__GIVEN MATERIAL__.
══════════
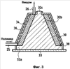 Форма, изображенная на Фиг.3, содержит элемент, или поддерживающую оснастку 32 с основанием 32а, расположенным на опоре 33, с которого выступает центральная часть 32b, имеющая наружную поверхность в форме существенно усеченного конуса, профиль которой соответствует профилю поверхности, определяющей поток газа в изготавливаемом диффузоре сопла.
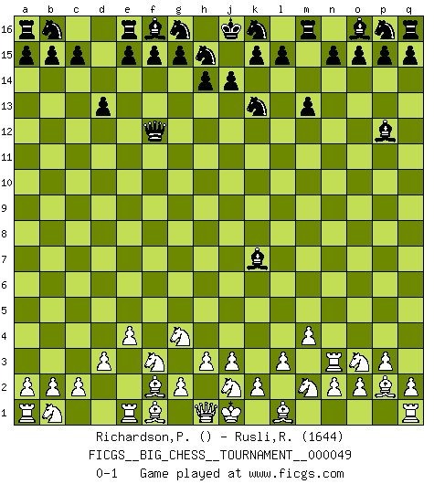 Last move : 0-1 2009 December 4 20:57:20 [Event "FICGS__BIG_CHESS__TOURNAMENT__000049"] [Site "FICGS"] [Date "2009.09.06"] [Round "1"] [White "Richardson,Patrick"] [Black "Rusli,Rafnizar"] [Result "0-1"] [WhiteElo ""] [BlackElo "1644"] 1.d2-d3 j15-k13 2.m2-m4 h16-o10 3.p1-o3 o10-f2 4.g1-f3 d15-d13 5.h2-g4 f2-l7 6.l2-l3 c16-j10 7.p2-p3 j10-d5 8.e2-e4 d5-f7 9.m1-m3 f7-k3 10.m3-n3 m15-m13 11.o1-p2 l16-p12 12.k1-m2 k3-m5 13.c1-e3 m5-k7 14.e3-f2 l7-f12 0-1 Follow this game move after move (download)A Chess game is a dialogue, a conversation between a player and his opponent. Each move by the opponent may contain threats or be a blunder, but a player cannot defend against threats or take advantage of blunders if he does not first ask himself: What is my opponent planning after each move ? (Bruce A. Moon) Karpov ist ein Museumsstück. (Garry Kasparov) ¡Examina movidas que hagan daño! Un buen ojo for movidas desvastantes es mucho mas importante que el conocimiento de principios estratégicos. (Purdy) Les échecs sont un jeu terrible. Si vous n'avez pas le centre, votre adversaire a une position plus libre. Par contre, si vous avez le centre, alors vous avez vraiment quelque chose pour laquelle vous inquiéter ! (Siegbert Tarrasch) Tree pose grows confidence. It roots me to this world. (Terri Guillemets)
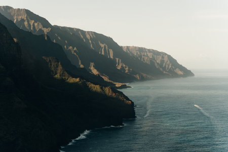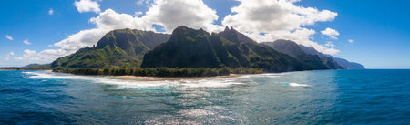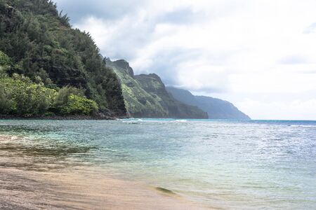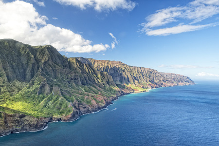 A beautiful view of spectacular Na Pali coast cliffs on Kauai island, Hawaii during daylight
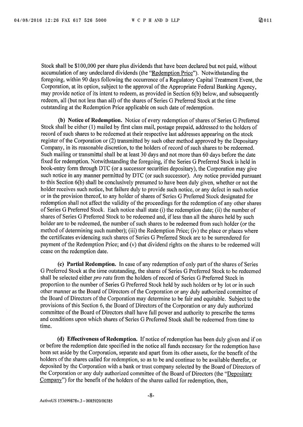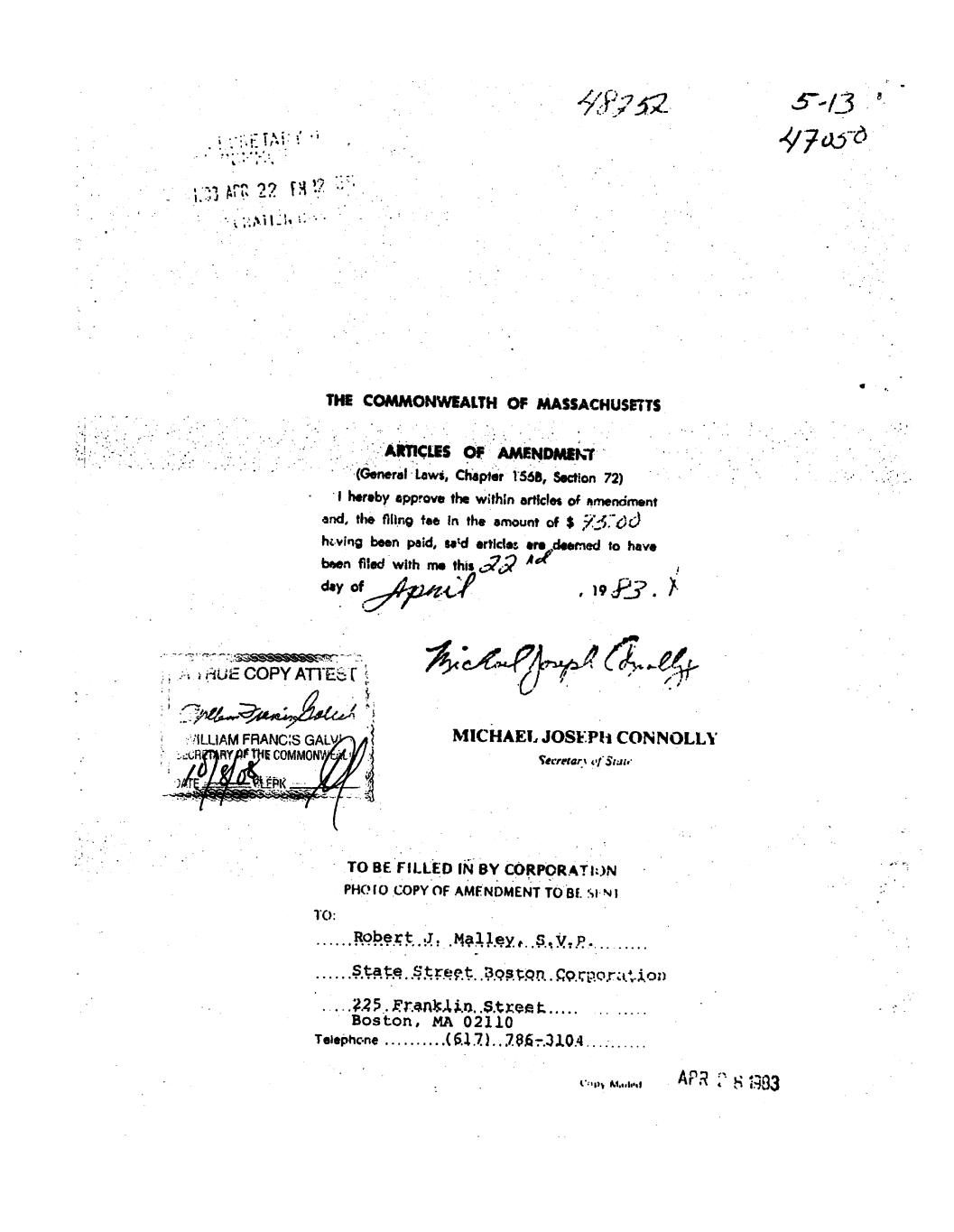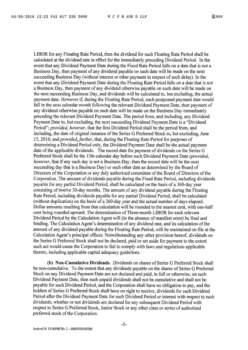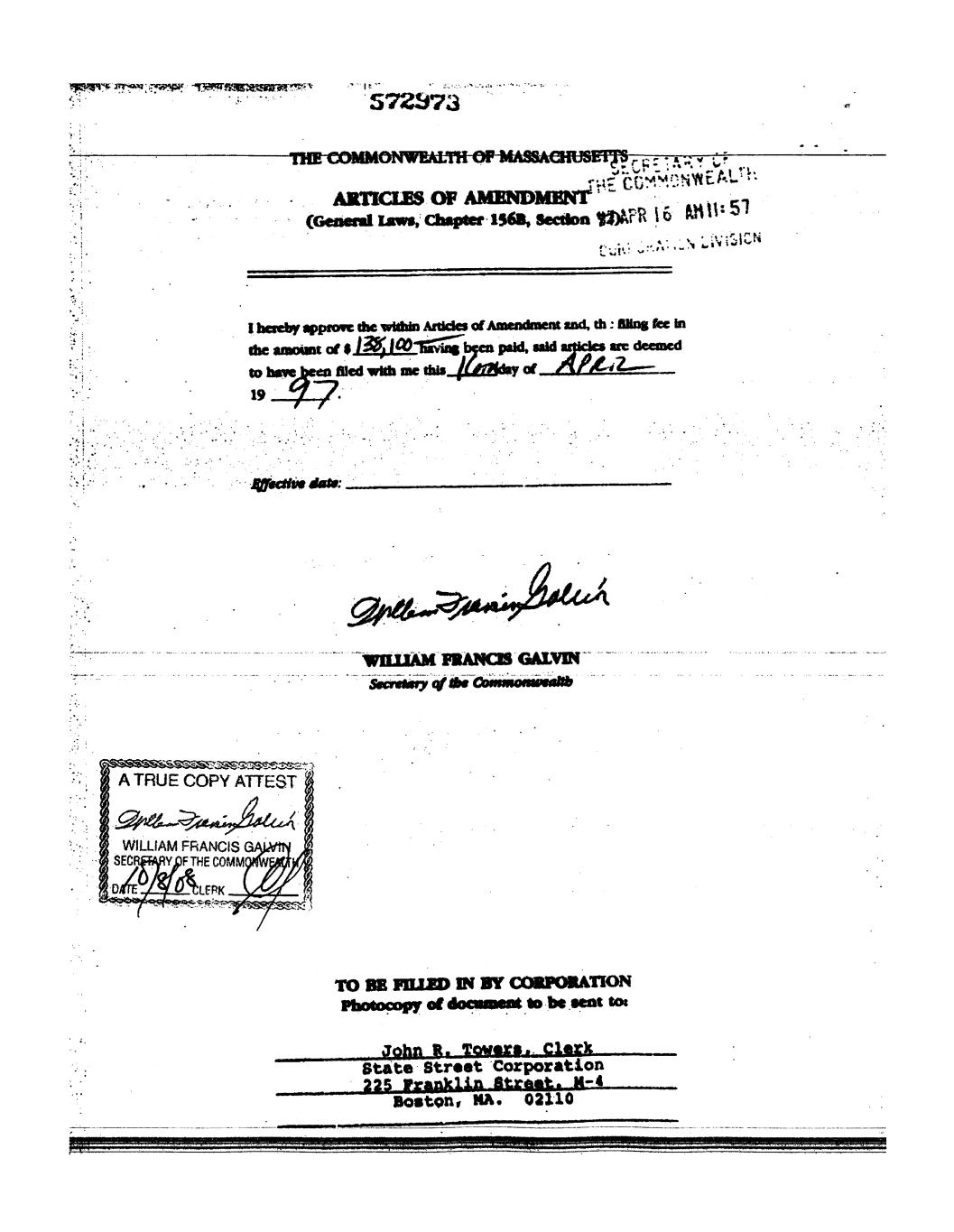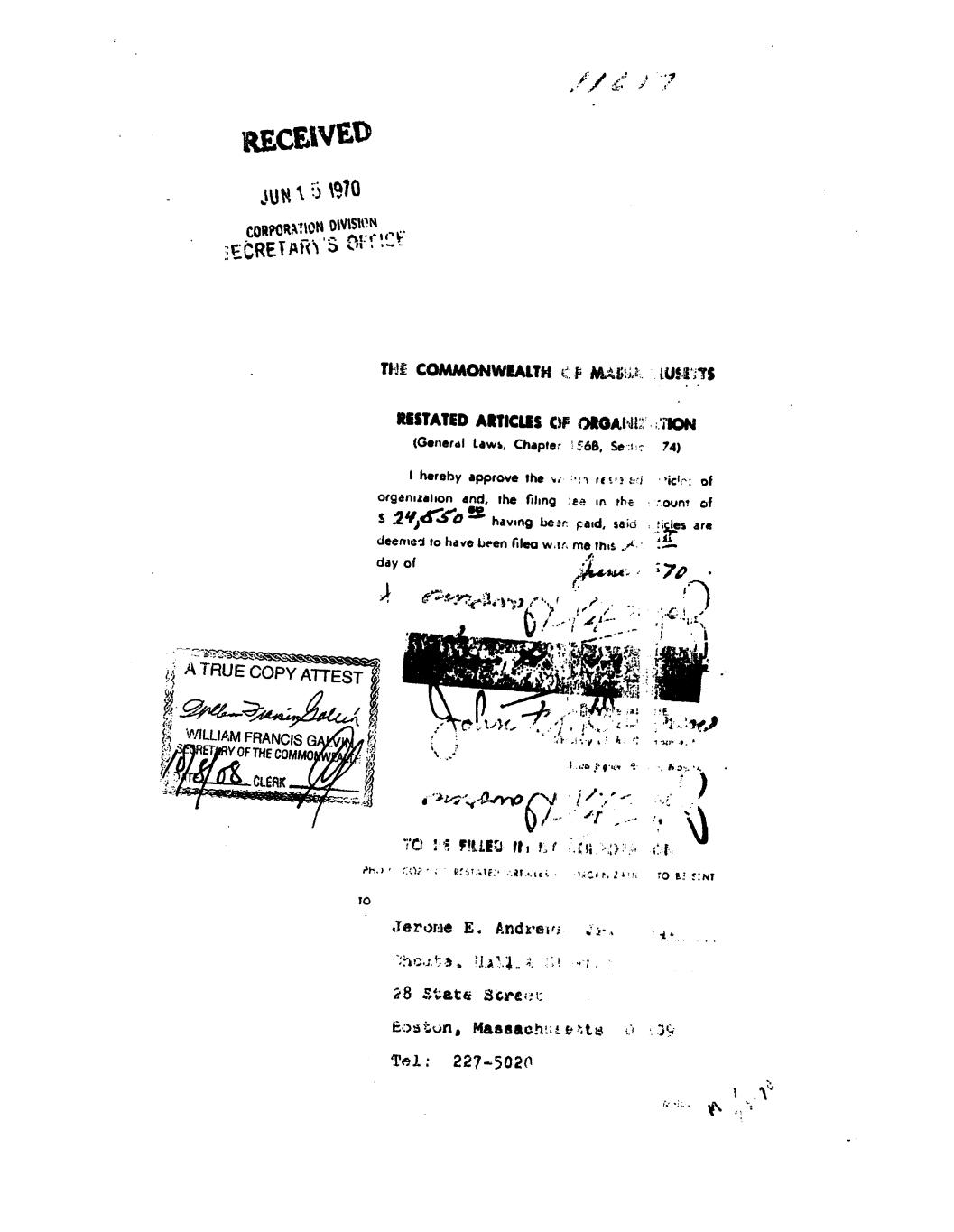 THE COMMONWEALTH OF MASSACHUSETTS I hereby certify that, upon examination of this document, duly submitted to me, it appears that the provisions of the General Laws relative to corporations have been complied with, and I hereby approve said articles; and the filing fee having been paid, said articles are deemed to have been filed with me on: WILLIAM FRANCIS GALVIN Secretary of the Commonwealth April 08, 2016 12:33 PM MA SOC Filing Number: 201679479900 Date: 4/8/2016 12:33:00 PM
══════════
__WHAT YOU NEED TO DO__. For this step, transcribe all the material above exactly and drop the images.

__EXERCISE OUTPUT__.
 Форма, изображенная на Фиг.3, содержит элемент, или поддерживающую оснастку 32 с основанием 32а, расположенным на опоре 33, с которого выступает центральная часть 32b, имеющая наружную поверхность в форме существенно усеченного конуса, профиль которой соответствует профилю поверхности, определяющей поток газа в изготавливаемом диффузоре сопла.
 Last move : 0-1 2009 December 4 20:57:20 [Event "FICGS__BIG_CHESS__TOURNAMENT__000049"] [Site "FICGS"] [Date "2009.09.06"] [Round "1"] [White "Richardson,Patrick"] [Black "Rusli,Rafnizar"] [Result "0-1"] [WhiteElo ""] [BlackElo "1644"] 1.d2-d3 j15-k13 2.m2-m4 h16-o10 3.p1-o3 o10-f2 4.g1-f3 d15-d13 5.h2-g4 f2-l7 6.l2-l3 c16-j10 7.p2-p3 j10-d5 8.e2-e4 d5-f7 9.m1-m3 f7-k3 10.m3-n3 m15-m13 11.o1-p2 l16-p12 12.k1-m2 k3-m5 13.c1-e3 m5-k7 14.e3-f2 l7-f12 0-1 Follow this game move after move (download)A Chess game is a dialogue, a conversation between a player and his opponent. Each move by the opponent may contain threats or be a blunder, but a player cannot defend against threats or take advantage of blunders if he does not first ask himself: What is my opponent planning after each move ? (Bruce A. Moon) Karpov ist ein Museumsstück. (Garry Kasparov) ¡Examina movidas que hagan daño! Un buen ojo for movidas desvastantes es mucho mas importante que el conocimiento de principios estratégicos. (Purdy) Les échecs sont un jeu terrible. Si vous n'avez pas le centre, votre adversaire a une position plus libre. Par contre, si vous avez le centre, alors vous avez vraiment quelque chose pour laquelle vous inquiéter ! (Siegbert Tarrasch) Tree pose grows confidence. It roots me to this world. (Terri Guillemets)
 A beautiful view of spectacular Na Pali coast cliffs on Kauai island, Hawaii during daylight
 THE COMMONWEALTH OF MASSACHUSETTS I hereby certify that, upon examination of this document, duly submitted to me, it appears that the provisions of the General Laws relative to corporations have been complied with, and I hereby approve said articles; and the filing fee having been paid, said articles are deemed to have been filed with me on: WILLIAM FRANCIS GALVIN Secretary of the Commonwealth April 08, 2016 12:33 PM MA SOC Filing Number: 201679479900 Date: 4/8/2016 12:33:00 PM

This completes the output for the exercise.